It is so beautiful! I think you should finish it as is. The work you put into it, why redo perfection?


----------



## Linda6885 (Feb 13, 2011)

It's beautiful. the way it's laid out the two panels mirror each other. looks very nice, no don't frog.


----------



## jaybeedesigns (Jun 11, 2013)

It's gorgeous! Don't frog it. I adore the colour too.


----------



## mthrift (Jan 2, 2012)

I think that the discrepancy is so MINOR to the beauty and the work you have put into this. The "end product" is lovely. Why get so married to PERFECTIONISM to sticking with an exact pattern? This view stifles CREATIVITY, and makes us condemn something that is just LOVELY IN ITSELF. There are so many more points that are perfect being over-looked in this afghan that you would be destroying, to fix one minor thing, that the minor fact that one pattern was not reversed, as called for in someone else's pattern, and (I had to search to find it) is irrelevant to me. There is NO NEED to frog to fit a pattern created by someone else. Your work is enough. Your work is more important than the pattern in someone elses mind. HONOR YOURSELF!This is exceptional... the workmanship! Do not destroy it!


----------



## AuntKnitty (Apr 10, 2011)

I am absolutely the worst person to ask this, cos I'm always on the side of "Frog so it can be perfect!" for me. However, in this case, Even I wouldn't frog it! It's gorgeous as is!


----------



## greatgrannytidy (Mar 10, 2013)

I agree DON¨T FROG! either flip one or leave as is, it´s gorgeous.


----------



## Hazel Blumberg - McKee (Sep 9, 2011)

Please don't frog! The afghan is just gorgeous!

Hazel


----------



## Miss Shari (Jan 31, 2012)

most definitely FINISH! That is beautiful!


----------



## Needlesgalore (Dec 30, 2011)

Beautiful jus the way it is. If you don't point it out no one will notice. I am sure that the receiver will love it.


----------



## ydixon (Apr 22, 2011)

I am sure the wedding couple will love this as is. It is beautiful and they will realize all the love and time that went into making it......They will love it for years to come


----------



## Zlata (Feb 21, 2012)

Perfect as is, I had to look long and hard to see what you were complaining about. I doubt that anyone would think it wasn't supposed to look exactly as it is, beautiful.


----------



## dad's funnyface (Sep 1, 2012)

I had to study it to find the "questionable" area. Leave it as is. It's beautiful.


----------



## gozolady (Jul 20, 2013)

simple answer - - finish it - - wrap it, and give it as the gift - - made with love, and given to the happy couple with same. xx


----------



## stephaniec (Jul 26, 2012)

Desert Knitter said:


> Started this afghan years ago and have decided to finish it and give it as a wedding present to a family member who does not knit. When I laid it out I realized that panels 2 and 4 are identical. In the past I would have frogged one and reknit it with the pattern in reverse. However, my arthritic hands scream that this is too much reknitting when I could be using the time to complete new items. What do you think?

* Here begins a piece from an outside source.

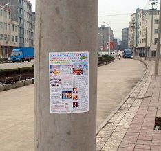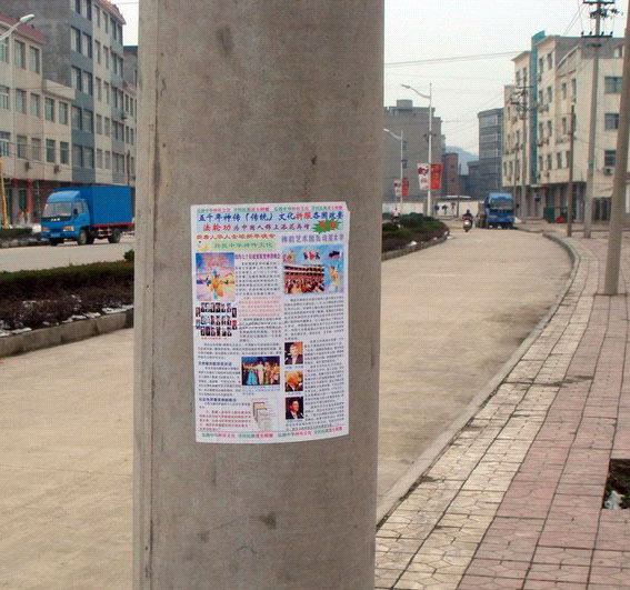 • 江西省九江县火车站附近多个楼道及电线杆出现宣传神韵晚会的不干胶

Please don't frog it! Its lovely the way it is.


----------



## LuvmyDoxies (Jan 18, 2012)

I agree with everyone else, please do not frog this. The recipient of this afghan will be thrilled.


----------



## grammacat (Nov 30, 2011)

Do not frog. It is beautiful. Flip panel 4 upside down that would make it reversed. If not leave it as is no one will ever know.


----------



## Patty Sutter (Apr 17, 2012)

I think your "design element" is beautiful! Don't change a thing.


----------



## gypsie (May 28, 2011)

Finish, it's beautiful!


----------



## Nannyshirl (May 11, 2013)

Definitely don't frog -listen to your hands! Any way - a non knitter is unlikley to notice!


----------



## Nanny Val (Oct 10, 2012)

Beautiful work.... NO way do not frog it. Only you will ever notice it.


----------



## Cin (Jul 8, 2011)

I can't see how it could be more pretty! It's perfect like it is!


----------



## mrslightman07 (Jan 7, 2013)

Totally agree. Do not frog. It is beautiful!


----------



## Linda333 (Feb 26, 2011)

I though of reversing one of the two panels. If this does not work, DO NOT FROG! It is so beautiful and I doubt that anybody would realize that one of the panels should be in reverse. It is absolutely fantastic and anyone who receives it will love it! Your work is gorgeous!!!!!


----------



## chorister (Aug 20, 2011)

It is beautiful but if you want it symetrical and have not sewn it together yet then just turn one of the panels the other way round, hey presto symetrical!


----------



## Valkyrie (Feb 26, 2011)

As the Beatles sang, "Let it be."


----------



## Poor Purl (Apr 14, 2011)

Finish. No frogs allowed.


----------



## bgjcd (Mar 29, 2012)

The person who receives this gift will absolutely love it. When I first saw the photo, I thought it was absolutely magnificent.


----------



## Dsynr (Jun 3, 2011)

This solution gets my vote!
Some day I will be making stuff like this....Sigh......


mirl56 said:


> It's beautiful - I wouldn't change a thing. Since your panels aren't sewn together yet, you could flip #2 so it is the reverse of panel 4. But otherwise, I don't see anything you could change to improve it.


 :mrgreen:


----------



## oopsfiled (Mar 11, 2013)

leave it


----------



## gagesmom (Oct 14, 2011)

I am in with the others on this. Don't frog it. It is so beautiful.


----------



## mthrift (Jan 2, 2012)

Dsynr said:


> This solution gets my vote!
> Some day I will be making stuff like this....Sigh......
> 
> :mrgreen:


YES you will! Just begin with a simpler pattern, and smaller like a baby blanket, or a kitchen towel, or even smaller a dish/face cloth. YES YOU CAN! Have a plan! Sooner than you think!


----------



## Paula - Sussex UK (Mar 26, 2011)

I can't see any problem with this; it looks fantastic. Stick with it!


----------



## jmf6406 (Dec 13, 2012)

Finish it for sure. I had to look carefully to see what you were fussing about. I think it is beautiful!!!


----------



## belleflower (Apr 23, 2013)

Its really beautiful. You have spent so much time and energy on this. I wouldn't change itxx


----------



## Fourel (Jun 25, 2012)

Finish it, it looks wonderful.


----------



## mthrift (Jan 2, 2012)

Paula - Sussex UK said:


> I can't see any problem with this; it looks fantastic. Stick with it!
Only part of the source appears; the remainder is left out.